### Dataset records
- - - -

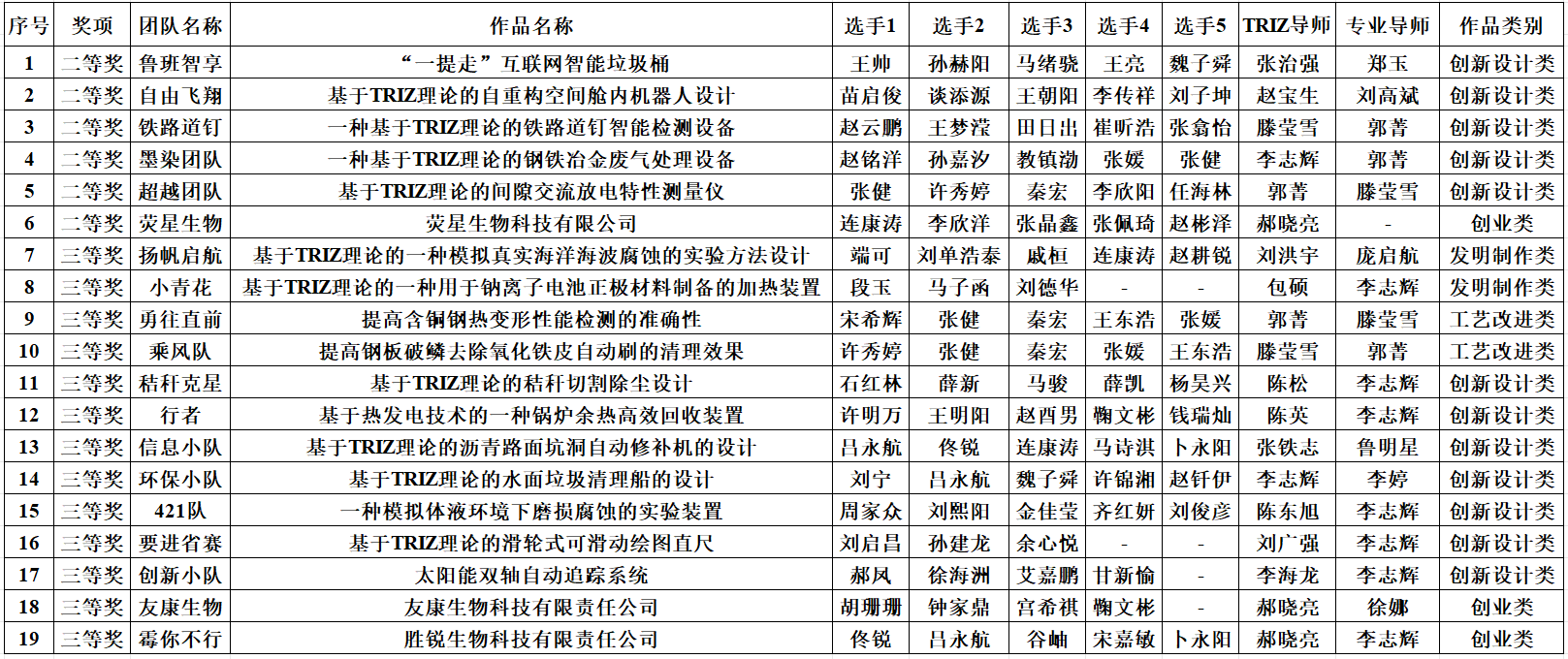 大赛依托创新创业学院和材料与冶金学院联合主办、TRIZ协会承办的第六届九州体育·(中国)官方网站创新方法大赛,评选出的优秀作品,在辽宁省大学生创新创业管理共享平台,经负责老师指导、修稿、审核、推荐43项作品,经专家网络初评、现场答辩评审,最终九州(中国)获得二等奖6项、三等奖13项,获奖数量创历史新高。
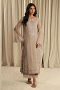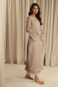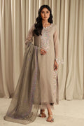 This article features a pale grey khaadi shirt which is embroidered and embellished with pastel colors pearls and sequins kora and organza raw edges finished with a slitted cut work sleeve, and cotton silk pants with pleated accents and a khaadi net block-printed dupatta.
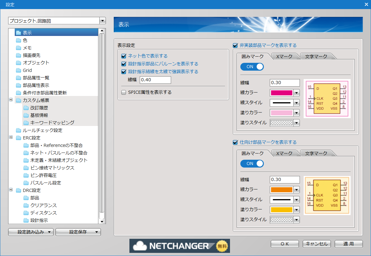 回路図の設定はERC、DRC、各オブジェクトの色やサイズなど、その他にも色々な設定があります。
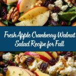 A fresh and vibrant Apple Cranberry Walnut Salad featuring mixed greens, sweet apples, dried cranberries, crunchy walnuts, and tangy feta cheese, tossed in a homemade apple cider vinaigrette. Perfectly suited for a light lunch or a festive fall side dish.
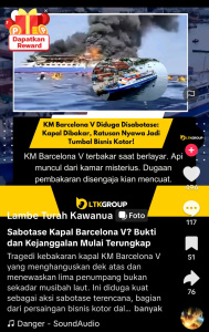 Kebakaran di dalam kapal ini menghanguskan dek atas dengan menewaskan lima penumpang dianggap bukan sekadar musibah laut. Sebagaimana caption ungahan akun Lambe Turah Kawanua LTK Group sehari yang lalu. Unggahan ini telah mendapatkan 117 tanggapan dari netizen.
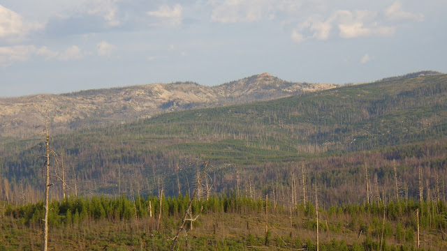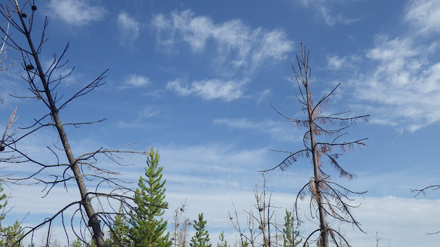 We came across more stands of young, dead trees, and then some stands of living ones, which I was glad to see. We climbed, sometimes up steep inclines and sometimes along rambling switchbacks. I tried to find where the Three Blaze trail intersected this trail, and I think I might have, but I’m not sure.
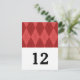 Classic and elegant Argyle Wedding Table Number Postcard with a simple red diamond argyle pattern background. Easy to customize with your wedding details. For more customization options, click on the Customize It button.
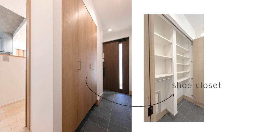 収納が少ないことが悩みだったため、収納は必要箇所に点在して配置。それぞれが使いやすい収納計画が実現しました。

- - - -

### EXERCISE DIRECTIONS
Full transcription without images: please go through the records and repeat them exactly.

### OUTPUT FOR THIS TASK
 大赛依托创新创业学院和材料与冶金学院联合主办、TRIZ协会承办的第六届九州体育·(中国)官方网站创新方法大赛,评选出的优秀作品,在辽宁省大学生创新创业管理共享平台,经负责老师指导、修稿、审核、推荐43项作品,经专家网络初评、现场答辩评审,最终九州(中国)获得二等奖6项、三等奖13项,获奖数量创历史新高。
 This article features a pale grey khaadi shirt which is embroidered and embellished with pastel colors pearls and sequins kora and organza raw edges finished with a slitted cut work sleeve, and cotton silk pants with pleated accents and a khaadi net block-printed dupatta.
 回路図の設定はERC、DRC、各オブジェクトの色やサイズなど、その他にも色々な設定があります。
 A fresh and vibrant Apple Cranberry Walnut Salad featuring mixed greens, sweet apples, dried cranberries, crunchy walnuts, and tangy feta cheese, tossed in a homemade apple cider vinaigrette. Perfectly suited for a light lunch or a festive fall side dish.
 Kebakaran di dalam kapal ini menghanguskan dek atas dengan menewaskan lima penumpang dianggap bukan sekadar musibah laut. Sebagaimana caption ungahan akun Lambe Turah Kawanua LTK Group sehari yang lalu. Unggahan ini telah mendapatkan 117 tanggapan dari netizen.
 We came across more stands of young, dead trees, and then some stands of living ones, which I was glad to see. We climbed, sometimes up steep inclines and sometimes along rambling switchbacks. I tried to find where the Three Blaze trail intersected this trail, and I think I might have, but I’m not sure.
 Classic and elegant Argyle Wedding Table Number Postcard with a simple red diamond argyle pattern background. Easy to customize with your wedding details. For more customization options, click on the Customize It button.
 収納が少ないことが悩みだったため、収納は必要箇所に点在して配置。それぞれが使いやすい収納計画が実現しました。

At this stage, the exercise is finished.